Step 2: Analyze and resolve the issue

Handle high CPU business processes

Analyze and optimize code:
Use performance analysis tools to identify code hotspots.
- Java applications: Use jstack <PID> to export the thread stack. Search for threads in the RUNNABLE state and examine their call stacks to identify long-running or stuck methods.
- C/C++ applications: Use perf top -p <PID> to view the function symbols that are consuming the most CPU.
Based on the analysis, optimize algorithms, fix infinite loops, or reduce unnecessary computations.
Upgrade resources: If the bottleneck is due to normal business growth, upgrade the instance type.

Handle disk I/O bottlenecks

Identify the process with high I/O. For more information, see Troubleshoot high disk I/O load on a Linux instance.
Check for processes in the D state:
```
sudo ps -axjf | grep " D"
```
Take the following actions:
- Application optimization: Reduce logging levels or add indexes to database queries to minimize disk reads and writes.
- Storage upgrade: Upgrade the disk category, for example, from ESSD PL1 to ESSD PL2/PL3, to improve IOPS and throughput. Disk IOPS performance is subject to instance-level limits. If the instance type's IOPS limit is lower than the disk's capability, you must upgrade the instance type to utilize the full performance.
- System restart: If many processes are in the D state, restarting the system can resolve the issue.

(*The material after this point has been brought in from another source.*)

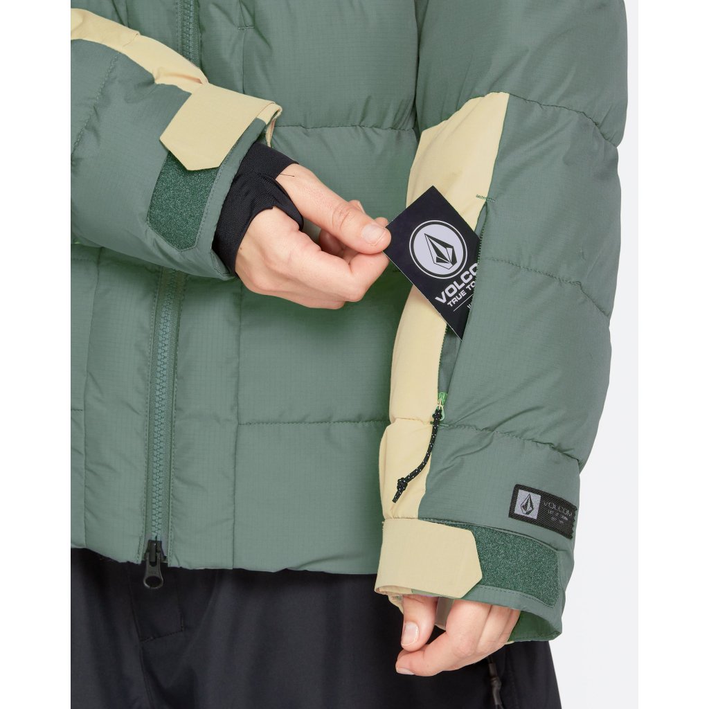 Poriadna zima vyžaduje poriadnu bundu. A keď fičíš z kopca na doske, tak to platí dvojnásobne. Snowboardová bunda Volcom Puffleup je ušitá z odolného vrchného materiálu s vodoodpudivou úpravou DWR, ktorá ochráni výplň pred navlhnutím. Bohatá izolácia z ekologickej výplne Thermore Ecodown 600+ ti poskytne nekompromisné zateplenie, takže môžeš zabudnúť na chlad a nepohodlie. A keď si náročný pohyb žiada reguláciu tepla, využiješ vetracie otvory v podpazuší. Nechýba ani poriadna kapucňa, snow-catcher a niekoľko šikovných vreciek, vďaka ktorým budeš mať vždy to najdôležitejšie po ruke.

Handle high kernel or system call activity

Check for context switching. Run the vmstat 1 command and observe the value in the cs (context switch) column. If the value consistently exceeds 100,000, it indicates excessive context switching. Check if the application is creating and destroying too many threads.
Check for kernel tasks. High kswapd0 utilization indicates that the system is low on physical memory and the kernel is frequently performing memory reclamation. In this case, upgrade the instance type.
When physical memory is insufficient, kswapd0 frequently scans pages, reclaims memory, and swaps pages out. These compute-intensive tasks consume a large amount of CPU resources, leading to high utilization.

Handle high network interrupt activity

Analyze traffic: Use tools like iftop or iptraf-ng to analyze the source and type of network traffic.
Check the configuration. For high network workloads, enable multi-queue for the network interface card (NIC) to distribute interrupts across multiple CPU cores.
Perform a security check: Go to Security Center to check for network attacks.

Recommendations

Configure monitoring and alerting: Set appropriate alert thresholds for metrics such as CPU utilization, system load, and I/O wait to receive early warnings. To review and analyze historical Linux system metrics, use the atop tool to monitor Linux system metrics.
Perform regular security inspections: Periodically use Security Center to scan for vulnerabilities, detect and remove viruses, and run a baseline check to fix potential security risks.
Perform regular performance audits: Periodically audit code and system configurations to identify and resolve potential bottlenecks before they impact production.
Plan capacity: Plan capacity based on business growth trends to ensure that system resources can handle future load increases.